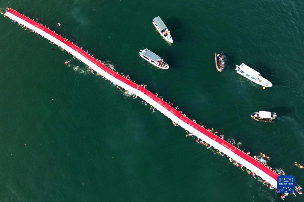 8月12日,在印度尼西亞望加錫海邊,人們游泳展開一張長達78米的巨幅印尼國旗(無人機照片)。
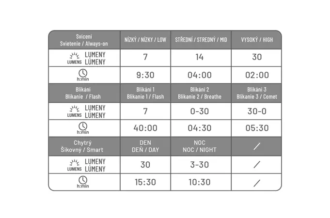 Vďaka svetelnému kužeľu v rozsahu 230° budete vidieť až na vzdialenosť 800 metrov. Obe svetlá zo sady Crussis CRS 30 majú viac režimov svietnikí vrátane režimu nízskej spotreby.
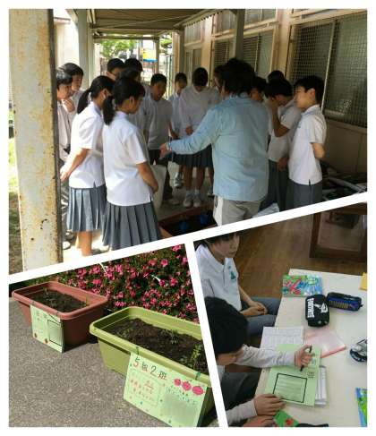 プランターに貼る掲示物作成も熱心に取り組んでいます。
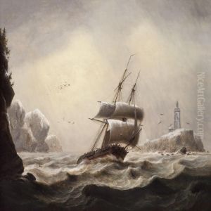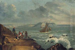 Small Craft Heading Inshore Ahead Of A Squall,with A Frigate Anchoring For Shelter Beyond
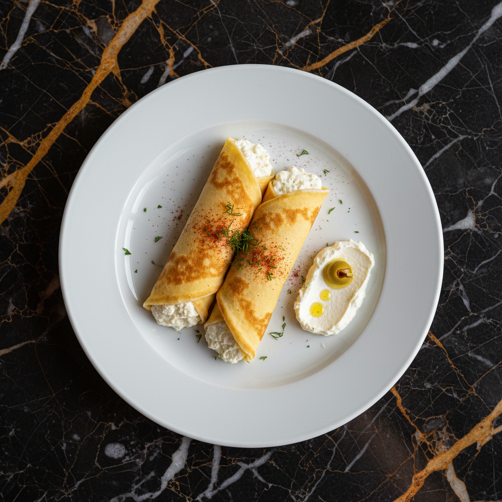 Thin Serbian-style crepes filled with a rich and creamy kajmak (clotted cream) filling, often served as a savory appetizer or light meal.
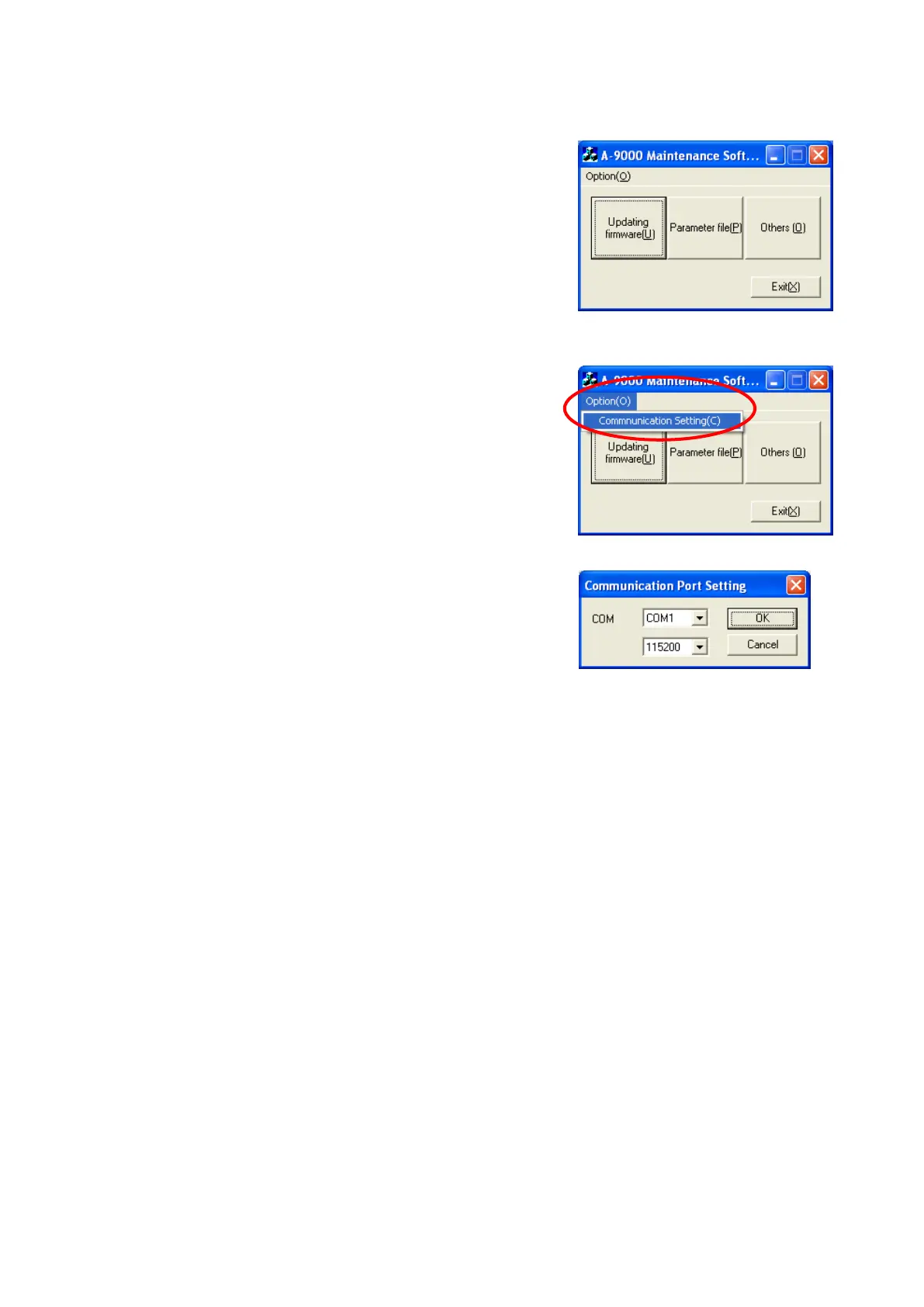 The COM port is factory-preset to "COM1" and the communication speed to "57600."
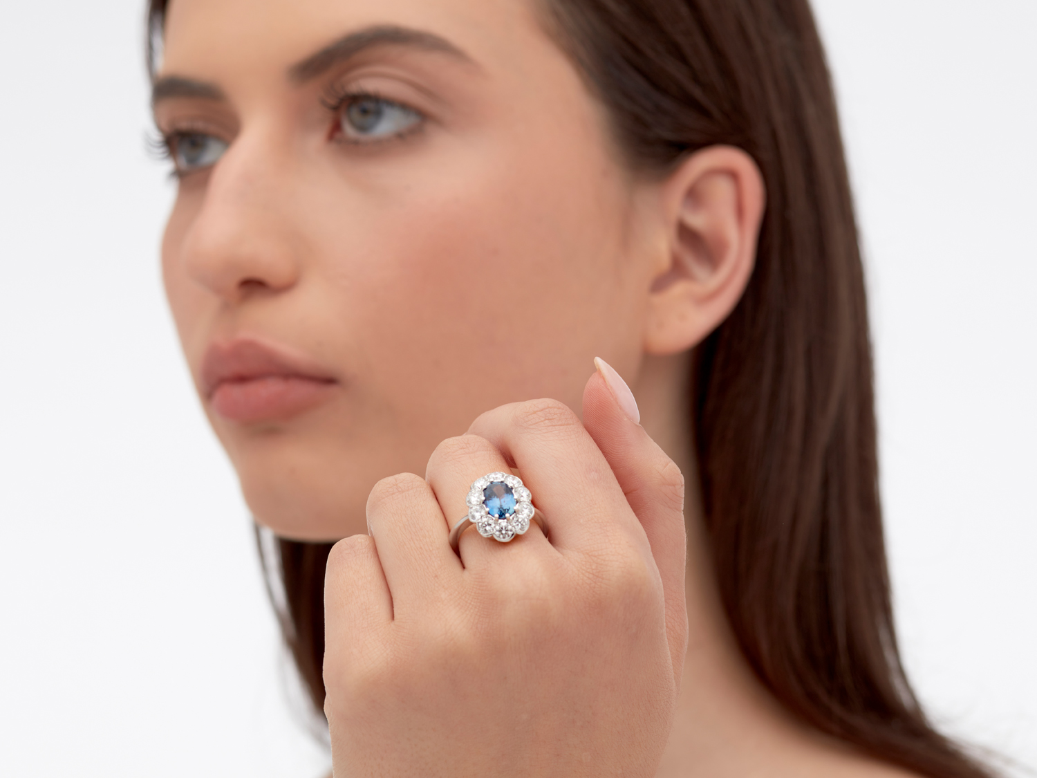 Of cluster design, centring a claw-set oval-cut sapphire weighing approximately 2.36 carats, within a surround of brilliant-cut diamonds together weighing approximately 2.00 carats, size O.
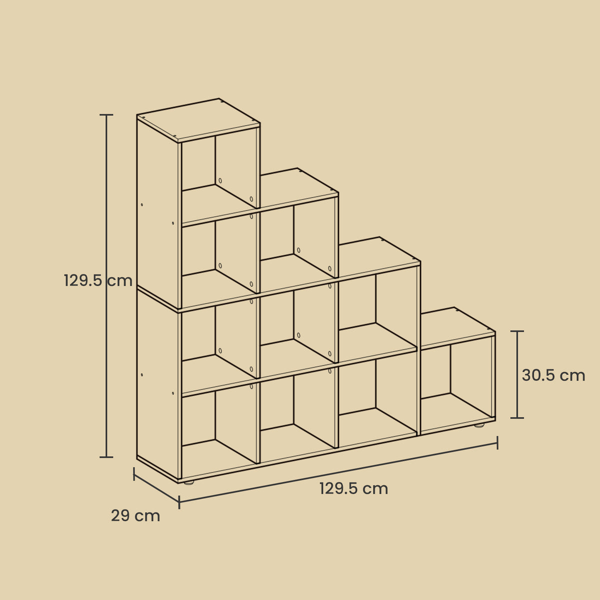 Boekenplank met 10 kubussen 129,5 x 29 cm - LBCB3510BX
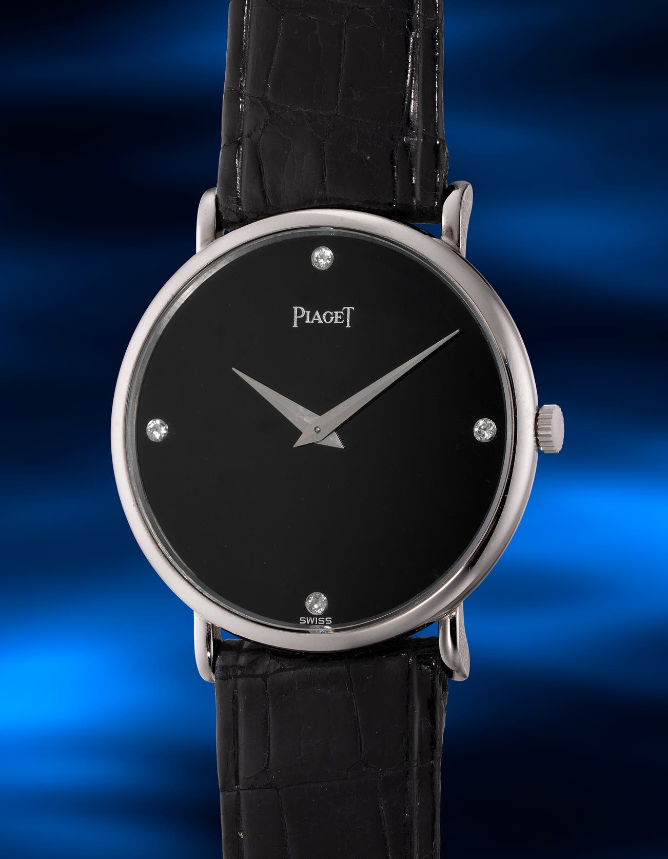 - The present white gold timepiece from the Altiplano collection is distinguished by a luxury elegance of an onyx dial with decorative diamond-indexes to mark the hours.
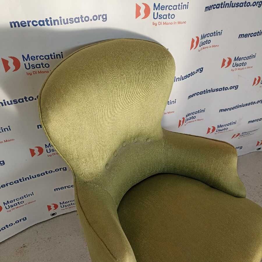 Poltrona Vintage anni 60-70. Rivestimento in tessuto verde. Presenta segni del tempo.
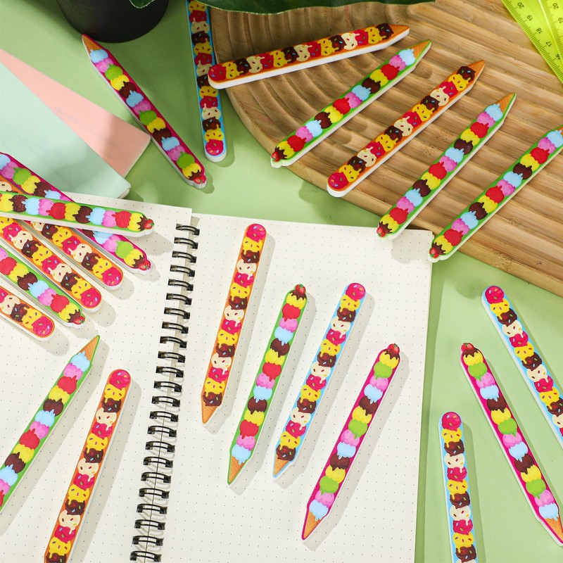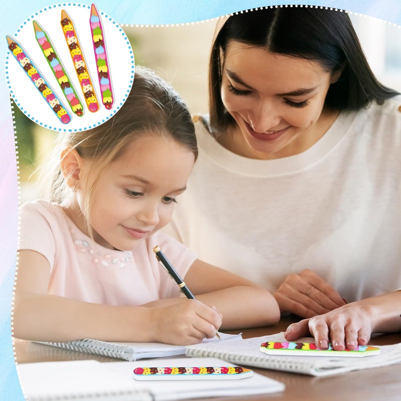 • Ice Cream Themed Design: the writing tools for kids are designed with patterns of ice cream in diverse styles and background in pink, yellow, blue and green, vivid and adorable, and the bright and multiple colors create a joyous atmosphere
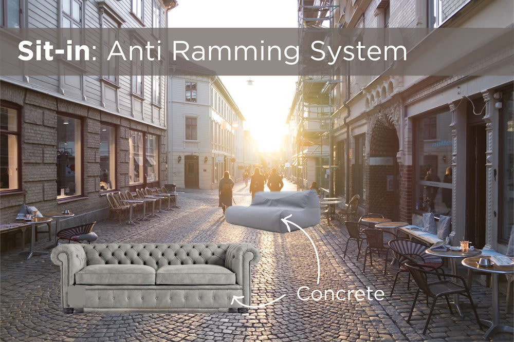 The proposed "Sit-in" system has the same primary function as the present anti-ram systems but also carries a friendly message to sit down, initiate a dialogue - and work things out!
• • •
■ **WORK REQUEST**
Leaving every picture out, write out exactly the lines from the beginning of the listing above to the line with "Small Craft Heading", inclusive.

■ **TASK SOLUTION**
 8月12日,在印度尼西亞望加錫海邊,人們游泳展開一張長達78米的巨幅印尼國旗(無人機照片)。
 Vďaka svetelnému kužeľu v rozsahu 230° budete vidieť až na vzdialenosť 800 metrov. Obe svetlá zo sady Crussis CRS 30 majú viac režimov svietnikí vrátane režimu nízskej spotreby.
 プランターに貼る掲示物作成も熱心に取り組んでいます。
 Small Craft Heading Inshore Ahead Of A Squall,with A Frigate Anchoring For Shelter Beyond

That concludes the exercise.